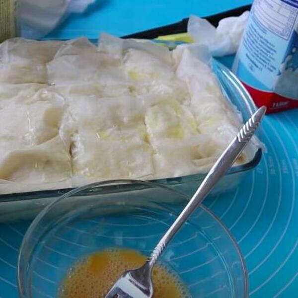 Izdrobiti sir, dodati jaja, jogurt ,kiselu vodu ulje i prašak za pecivo i sve izjednačiti. Tepsiju 30x20 obložiti pek papirom. Na dno raširiti dve kore i premazati uljem stranice kora i ostaviti da vise preko tepsije. Svaku koru blago uronuti u fil pa ređati u tepsiju jednu do druge..
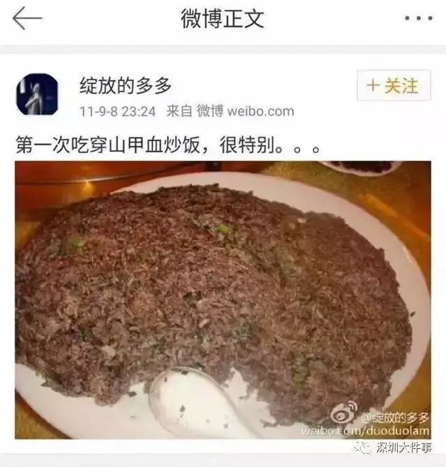 实际上,该位女子微博内容在美食上可谓匠心独特,你看,她吃穿山甲讲究的“套餐”,不管是穿山甲的肉和鳞片,甚至血都能做出美味佳肴来。
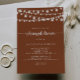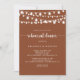 This rustic string lights terracotta rehearsal dinner invitation is perfect for a simple event. The design features beautiful hand-painted string lights in a terracotta background.
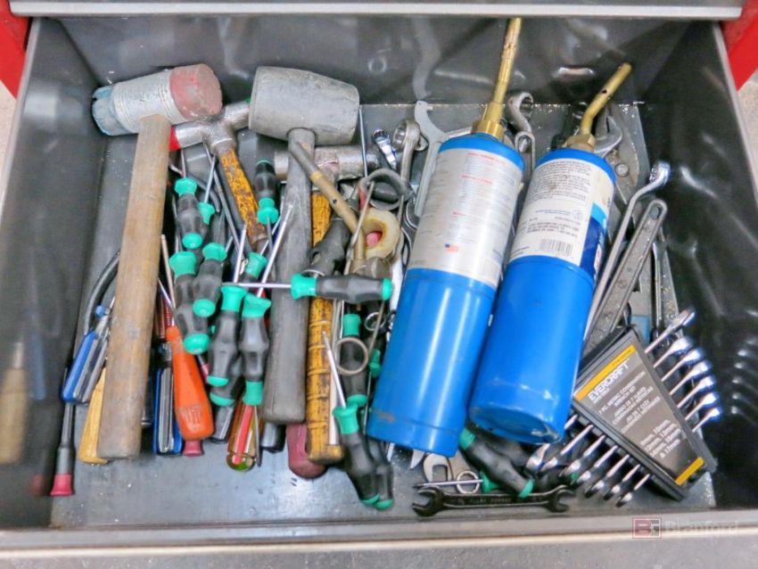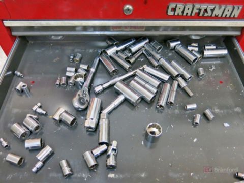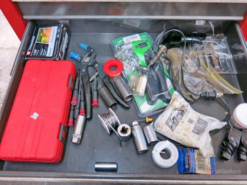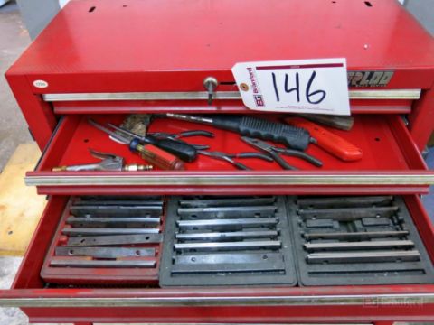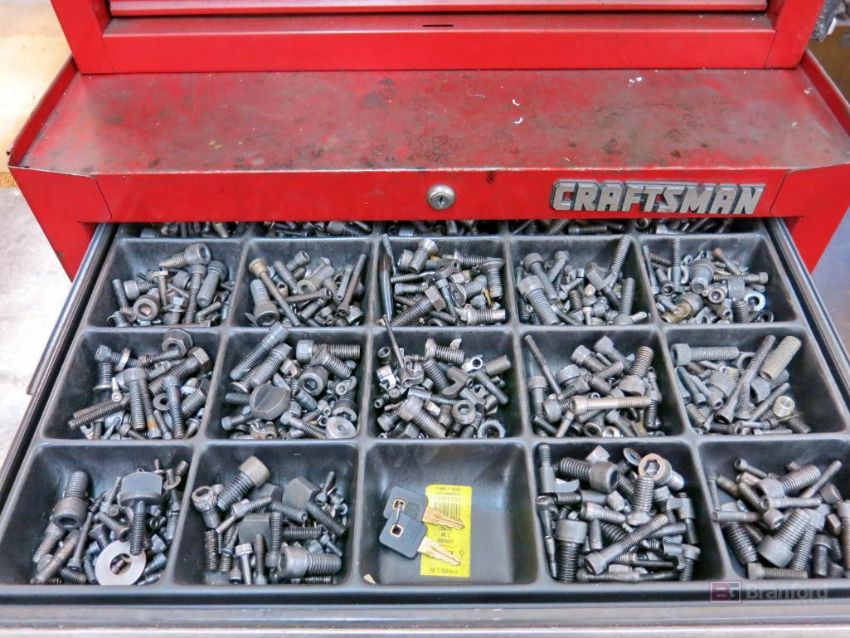 Waterloo 3-Drawer Toolbox, Craftsman 8-Drawer Rollabout Machinist Toolbox w/ Contents Incl Parallels, Hand Tools, Nuts, Bolts, Screws, Sockets, Cutting Bits, Allen Wrenches

• • •

- **Task brief**
Give the listing again in full, exactly as it is, but without its images.

- **Reply**
 Izdrobiti sir, dodati jaja, jogurt ,kiselu vodu ulje i prašak za pecivo i sve izjednačiti. Tepsiju 30x20 obložiti pek papirom. Na dno raširiti dve kore i premazati uljem stranice kora i ostaviti da vise preko tepsije. Svaku koru blago uronuti u fil pa ređati u tepsiju jednu do druge..
 实际上,该位女子微博内容在美食上可谓匠心独特,你看,她吃穿山甲讲究的“套餐”,不管是穿山甲的肉和鳞片,甚至血都能做出美味佳肴来。
 This rustic string lights terracotta rehearsal dinner invitation is perfect for a simple event. The design features beautiful hand-painted string lights in a terracotta background.
 Waterloo 3-Drawer Toolbox, Craftsman 8-Drawer Rollabout Machinist Toolbox w/ Contents Incl Parallels, Hand Tools, Nuts, Bolts, Screws, Sockets, Cutting Bits, Allen Wrenches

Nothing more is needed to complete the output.